WORK TO BE COMPLETED =
Could you restate every entry word for word, minus the pictures?

[EXERCISE INPUTS Boundary: Start]

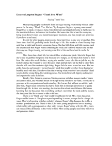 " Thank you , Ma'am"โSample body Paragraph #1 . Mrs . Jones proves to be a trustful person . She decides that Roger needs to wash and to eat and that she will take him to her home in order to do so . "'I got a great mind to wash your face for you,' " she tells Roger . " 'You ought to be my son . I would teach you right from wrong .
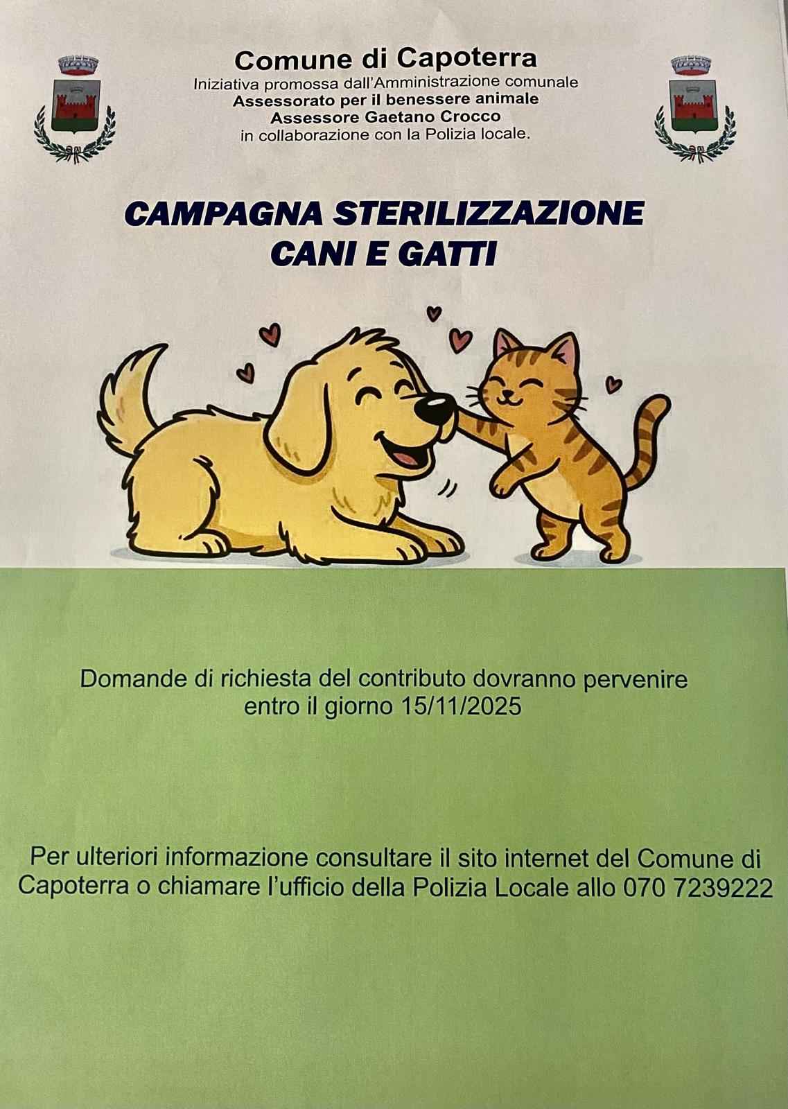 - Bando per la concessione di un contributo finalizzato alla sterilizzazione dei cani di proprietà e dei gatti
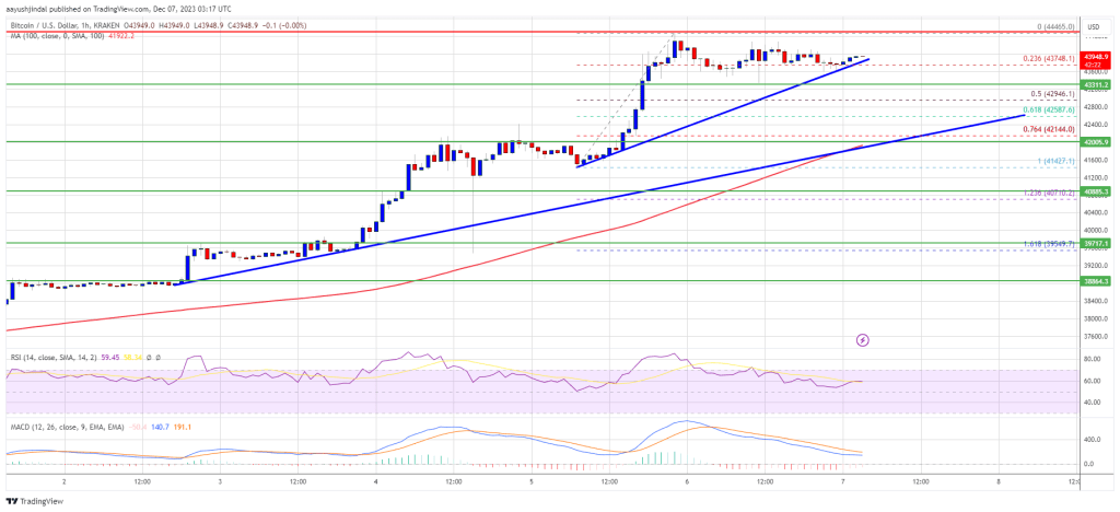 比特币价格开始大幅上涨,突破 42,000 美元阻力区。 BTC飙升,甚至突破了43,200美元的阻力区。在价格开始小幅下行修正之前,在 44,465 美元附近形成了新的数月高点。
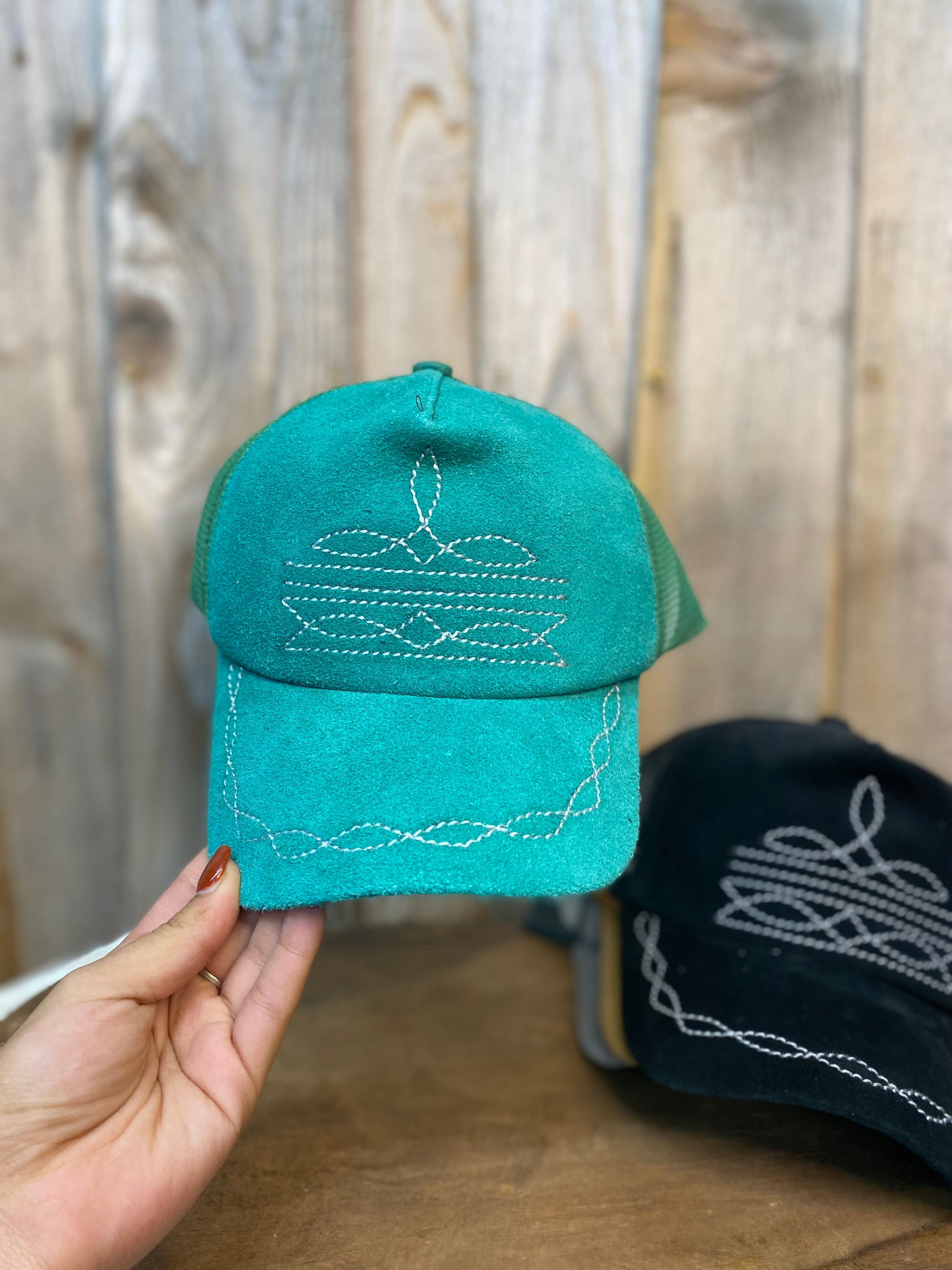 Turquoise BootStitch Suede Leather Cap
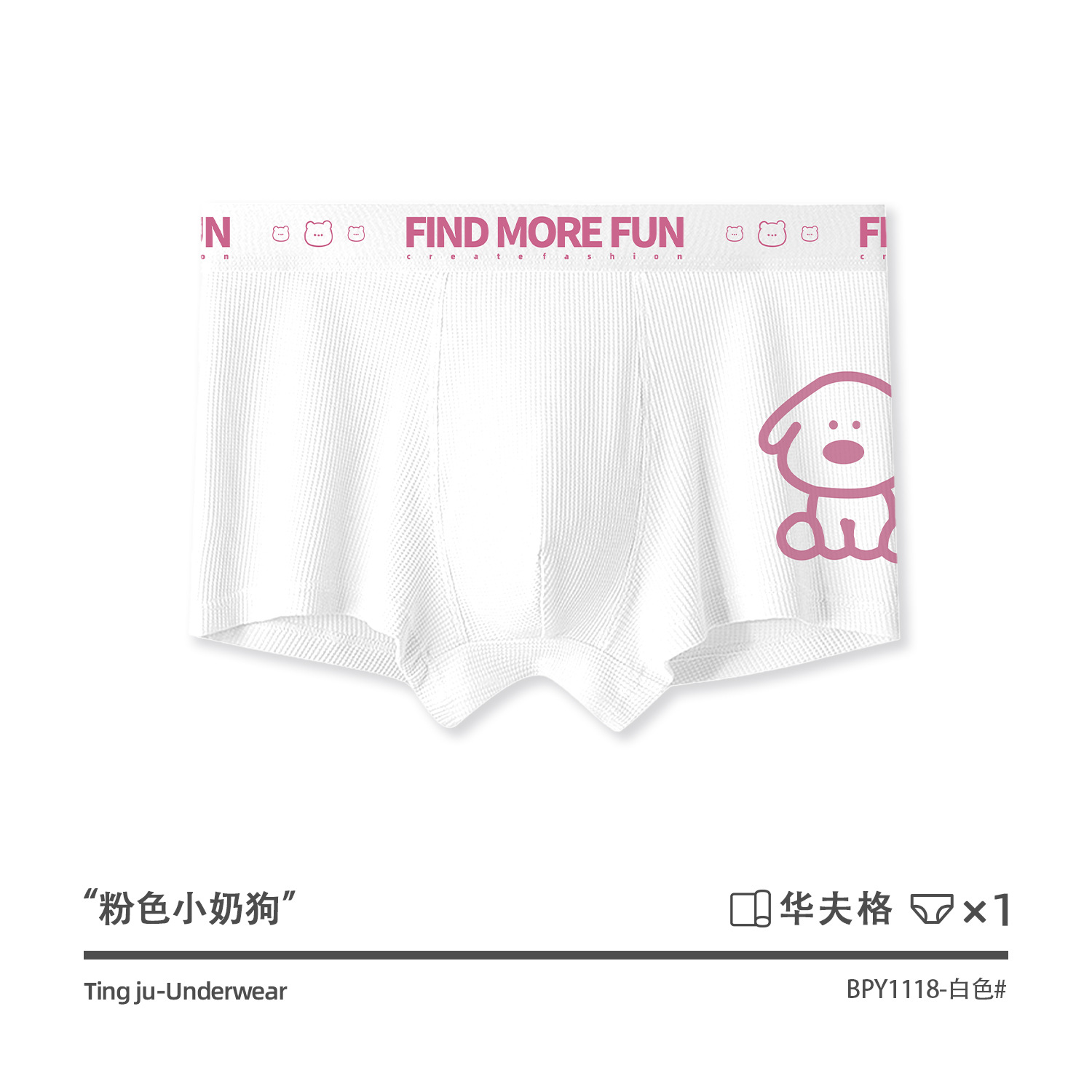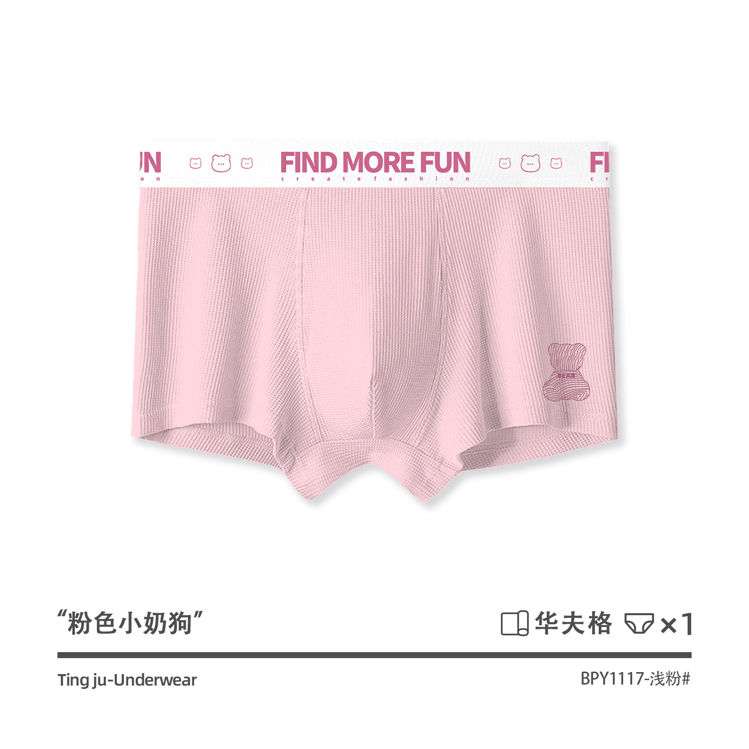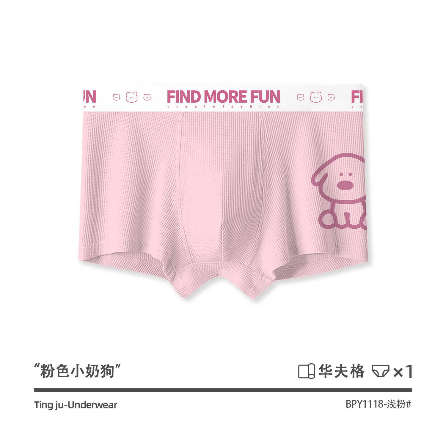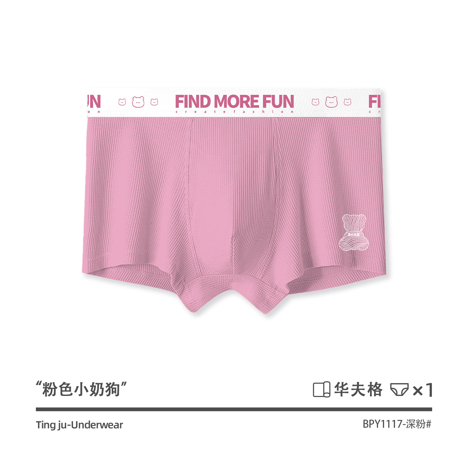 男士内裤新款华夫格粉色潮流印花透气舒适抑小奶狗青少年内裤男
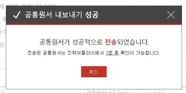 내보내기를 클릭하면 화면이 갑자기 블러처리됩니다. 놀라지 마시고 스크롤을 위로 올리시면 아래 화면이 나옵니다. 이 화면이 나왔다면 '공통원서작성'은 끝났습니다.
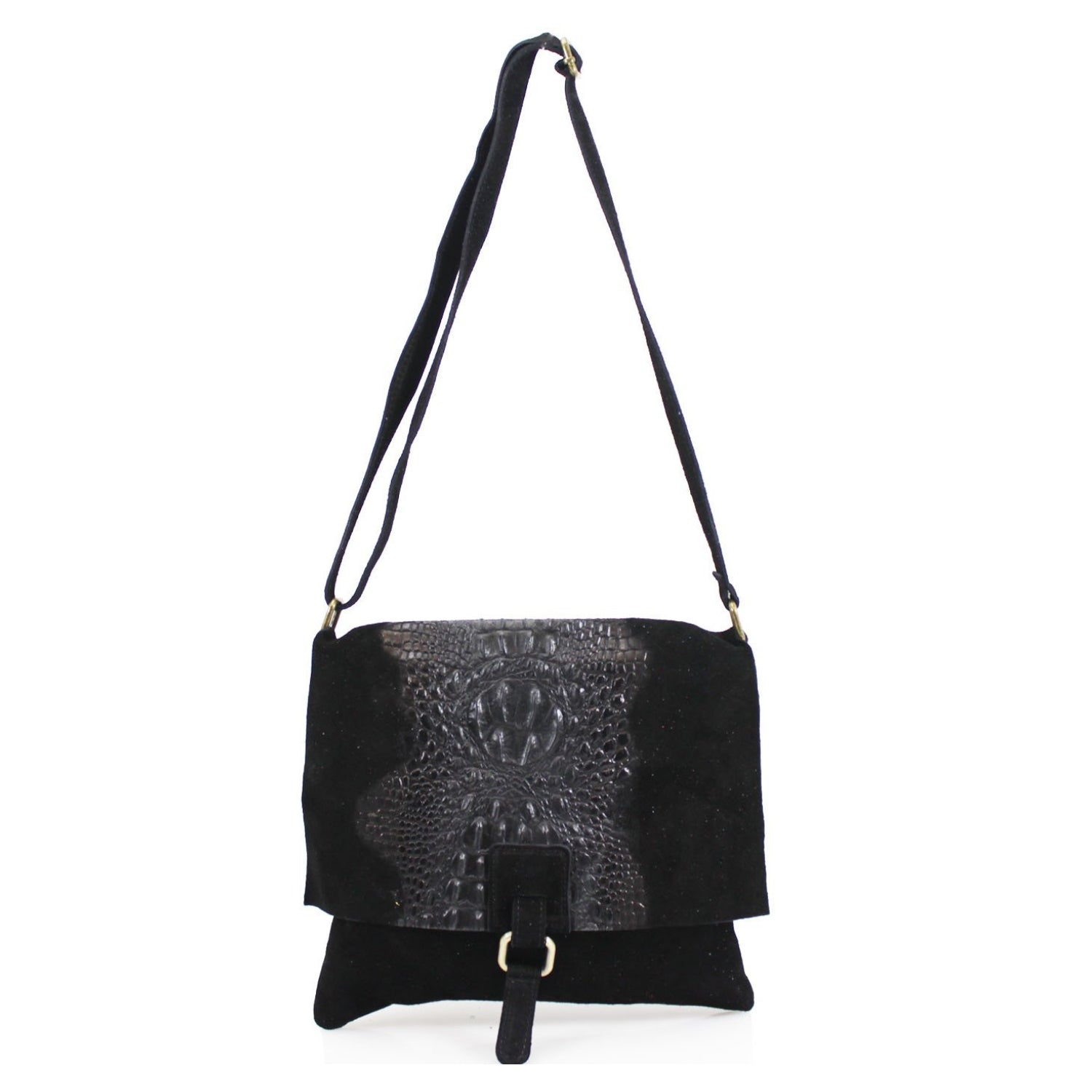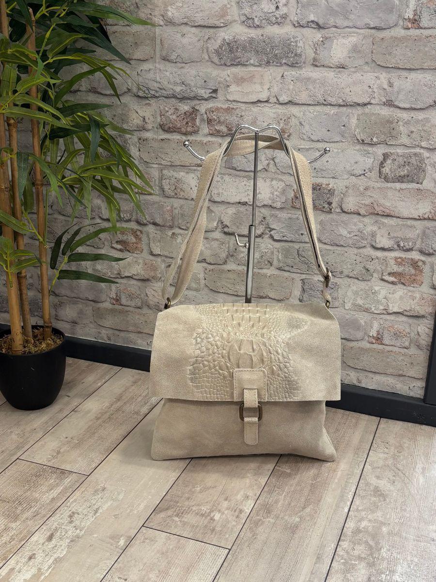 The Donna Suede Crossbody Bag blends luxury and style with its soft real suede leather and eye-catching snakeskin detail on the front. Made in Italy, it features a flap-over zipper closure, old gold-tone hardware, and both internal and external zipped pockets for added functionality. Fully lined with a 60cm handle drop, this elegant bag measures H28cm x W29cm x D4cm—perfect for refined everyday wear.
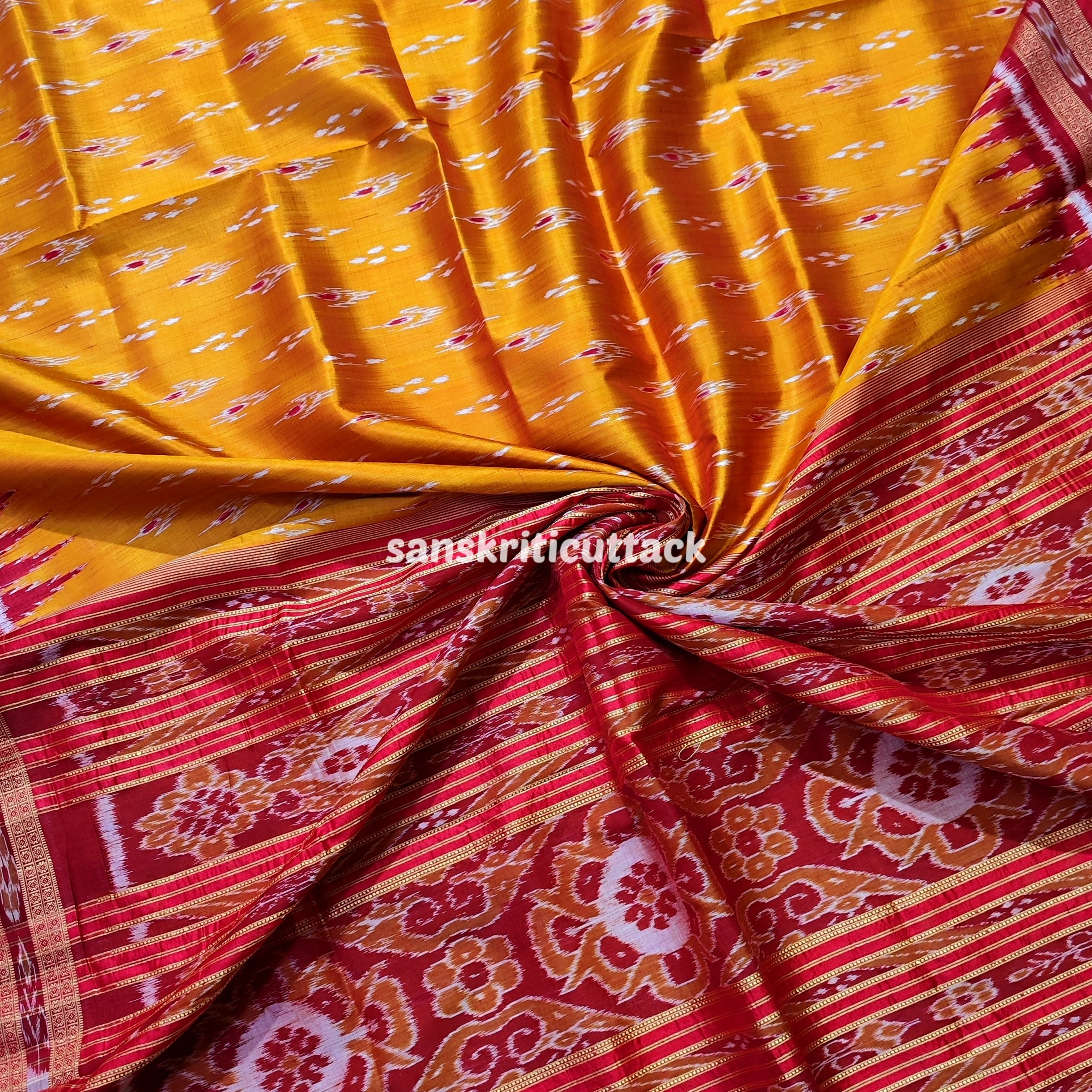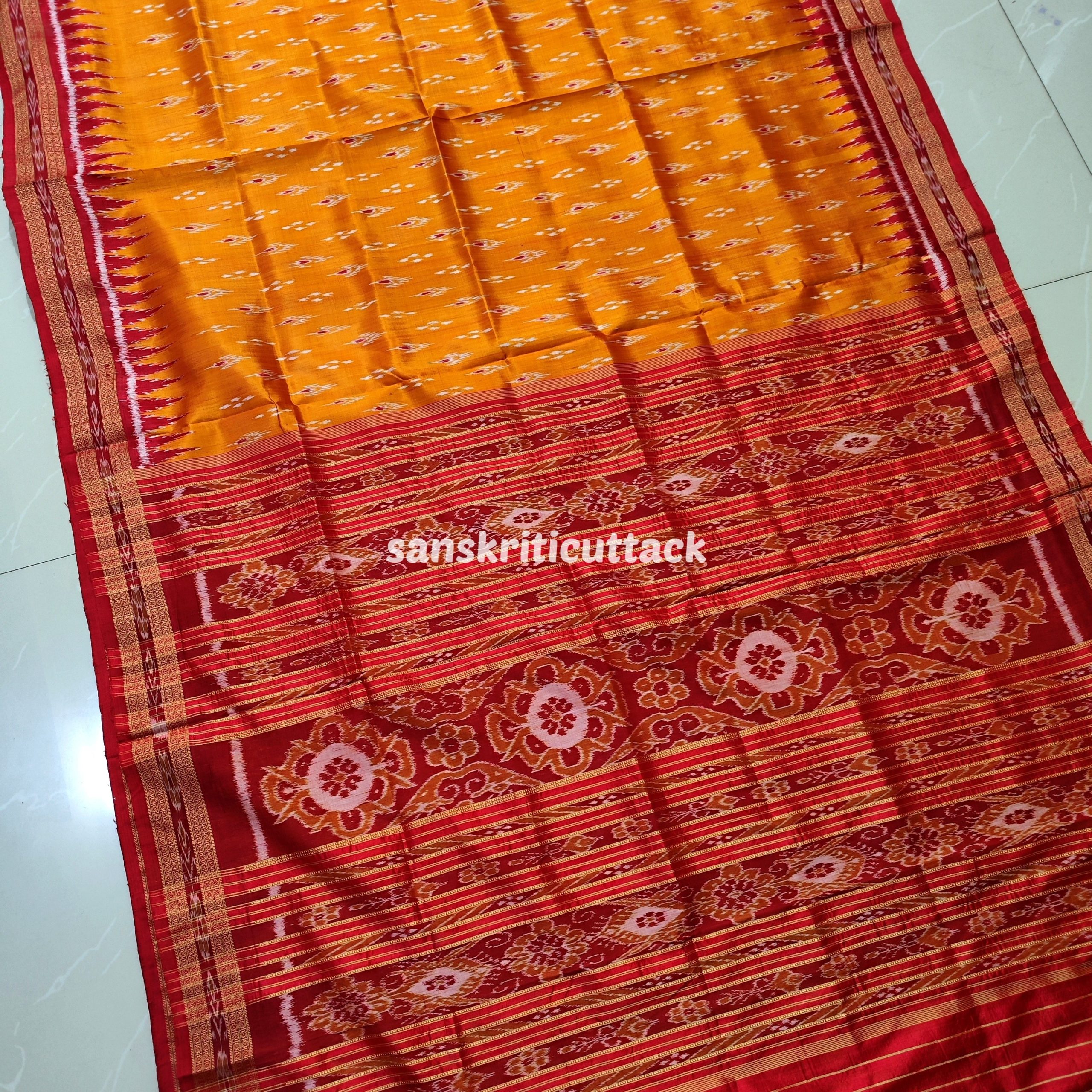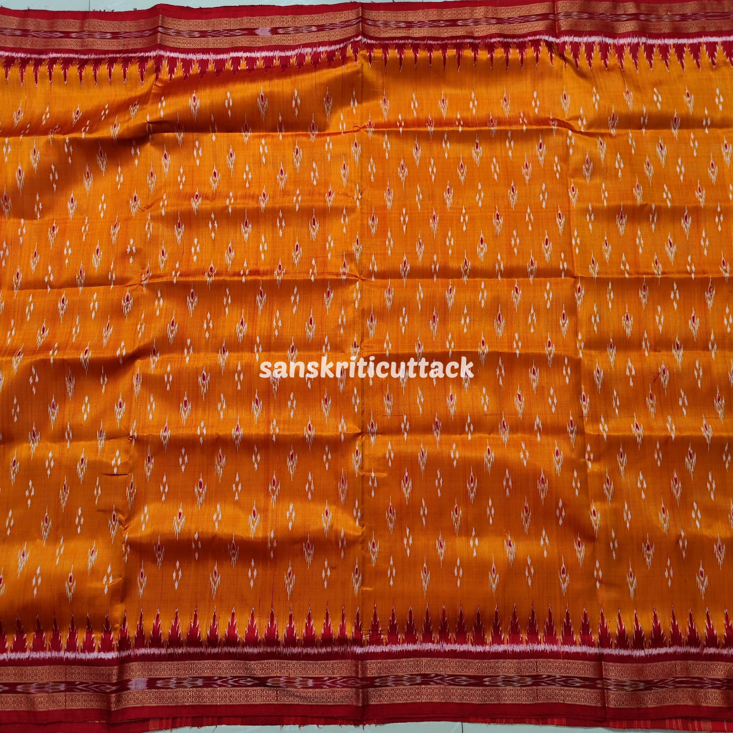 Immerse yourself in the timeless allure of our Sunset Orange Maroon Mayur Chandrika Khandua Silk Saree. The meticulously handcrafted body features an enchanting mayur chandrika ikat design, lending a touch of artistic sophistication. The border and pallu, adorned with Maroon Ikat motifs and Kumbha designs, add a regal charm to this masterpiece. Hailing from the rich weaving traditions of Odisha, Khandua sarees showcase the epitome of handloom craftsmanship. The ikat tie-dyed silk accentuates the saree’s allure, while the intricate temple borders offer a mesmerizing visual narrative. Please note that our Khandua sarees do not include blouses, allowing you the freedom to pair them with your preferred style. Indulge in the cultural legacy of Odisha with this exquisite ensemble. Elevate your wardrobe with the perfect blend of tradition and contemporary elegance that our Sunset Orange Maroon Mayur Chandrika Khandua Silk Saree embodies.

[EXERCISE INPUTS Boundary: End]

RESULT =
 " Thank you , Ma'am"โSample body Paragraph #1 . Mrs . Jones proves to be a trustful person . She decides that Roger needs to wash and to eat and that she will take him to her home in order to do so . "'I got a great mind to wash your face for you,' " she tells Roger . " 'You ought to be my son . I would teach you right from wrong .
 - Bando per la concessione di un contributo finalizzato alla sterilizzazione dei cani di proprietà e dei gatti
 比特币价格开始大幅上涨,突破 42,000 美元阻力区。 BTC飙升,甚至突破了43,200美元的阻力区。在价格开始小幅下行修正之前,在 44,465 美元附近形成了新的数月高点。
 Turquoise BootStitch Suede Leather Cap
 男士内裤新款华夫格粉色潮流印花透气舒适抑小奶狗青少年内裤男
 내보내기를 클릭하면 화면이 갑자기 블러처리됩니다. 놀라지 마시고 스크롤을 위로 올리시면 아래 화면이 나옵니다. 이 화면이 나왔다면 '공통원서작성'은 끝났습니다.
 The Donna Suede Crossbody Bag blends luxury and style with its soft real suede leather and eye-catching snakeskin detail on the front. Made in Italy, it features a flap-over zipper closure, old gold-tone hardware, and both internal and external zipped pockets for added functionality. Fully lined with a 60cm handle drop, this elegant bag measures H28cm x W29cm x D4cm—perfect for refined everyday wear.
 Immerse yourself in the timeless allure of our Sunset Orange Maroon Mayur Chandrika Khandua Silk Saree. The meticulously handcrafted body features an enchanting mayur chandrika ikat design, lending a touch of artistic sophistication. The border and pallu, adorned with Maroon Ikat motifs and Kumbha designs, add a regal charm to this masterpiece. Hailing from the rich weaving traditions of Odisha, Khandua sarees showcase the epitome of handloom craftsmanship. The ikat tie-dyed silk accentuates the saree’s allure, while the intricate temple borders offer a mesmerizing visual narrative. Please note that our Khandua sarees do not include blouses, allowing you the freedom to pair them with your preferred style. Indulge in the cultural legacy of Odisha with this exquisite ensemble. Elevate your wardrobe with the perfect blend of tradition and contemporary elegance that our Sunset Orange Maroon Mayur Chandrika Khandua Silk Saree embodies.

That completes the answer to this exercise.